Disrupting the Colonial Gaze Towards Alternative Sexual Justice Engagements With Young People in South Africa
Abstract
This chapter unpacks the failures and embeddedness of much of the research on young sexualities in South Africa in an exploitative and epistemologically violent politics of knowledge. I argue that it is not only a lack of rigorous attention and reflexivity but also neglect of a political ethics of care (Tronto 1993, 2013) and relational ontology (Barad 2007) that undermines efforts to achieve an ethical, just, non-extractive, and non-representational transnational intersectional feminist research praxis.
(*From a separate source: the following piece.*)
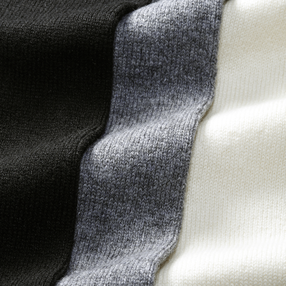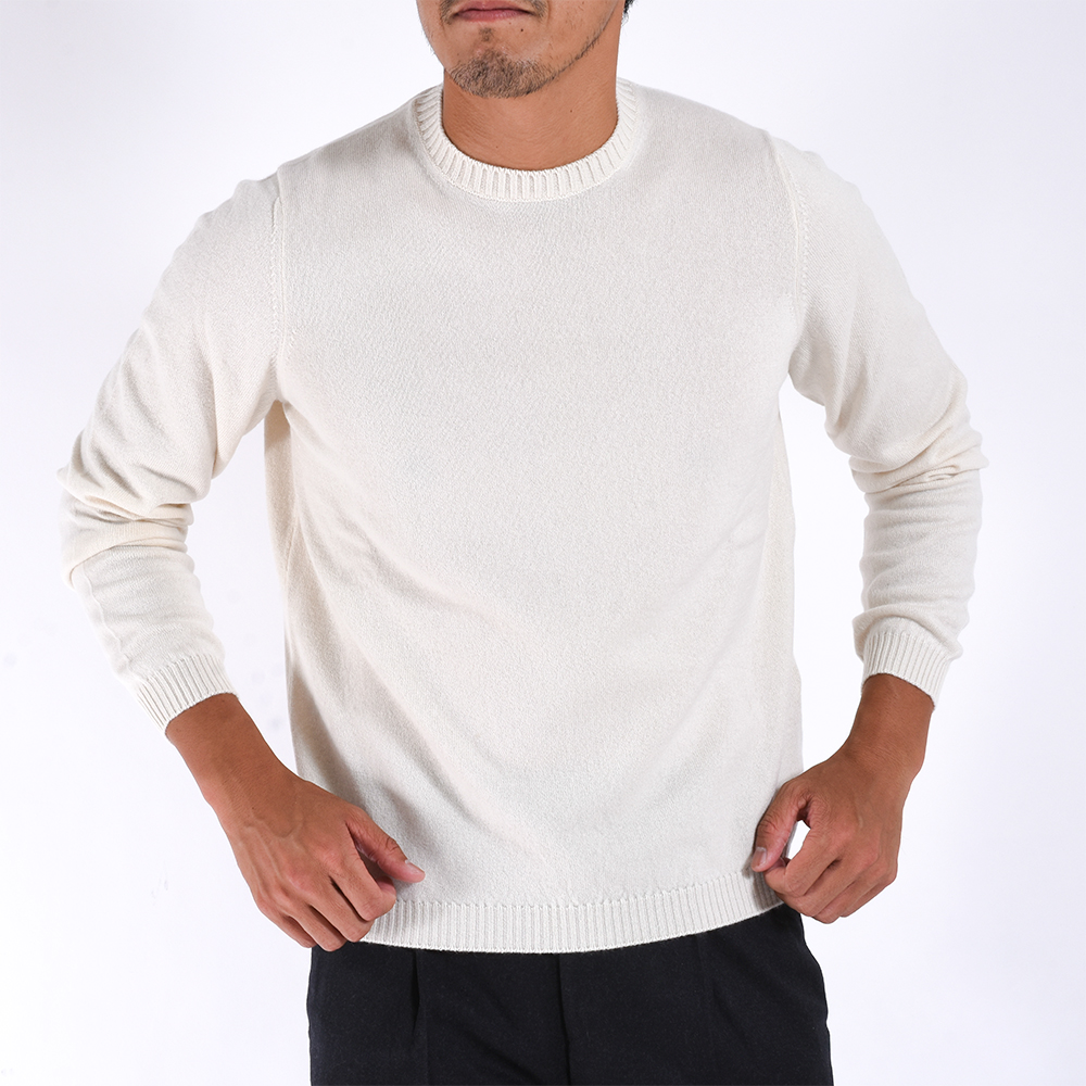 身巾に、少しゆとりがありますが、緩さというよりは素材を活かしたエレガントな表情で大人の男性に相応しいニットです。

I find Haraway’s (2016) call to “stay with the trouble” and Sedgwick’s (2003) notion of “reparative reading” particularly helpful in highlighting how the problematic practices and political effects outlined here are embedded in a larger imperative to re-think how we make knowledge. This chapter concludes with some possibilities for a more hopeful transnational feminist engagement; one that engages a feminist ethics and politics of care and relationality, inspired by the “troubling” knowledges emerging from the fruitful entanglements of decolonial, feminist, and queer art, activism, and scholarship. Since the early 1990s, as South Africa emerged out of apartheid, HIV as a global and local challenges became a national imperative, alongside building a democratic state. Consequently, significant international focus and funds were directed at Southern Africa and other global Southern contexts. In South Africa, the wave of funding and invitations for collaborative research was welcome, especially in light of the apartheid era isolation. As a result, a wide range of research was initiated focusing on sexual practices in South Africa, primarily through the lens of HIV and GBV (Vetten 2018).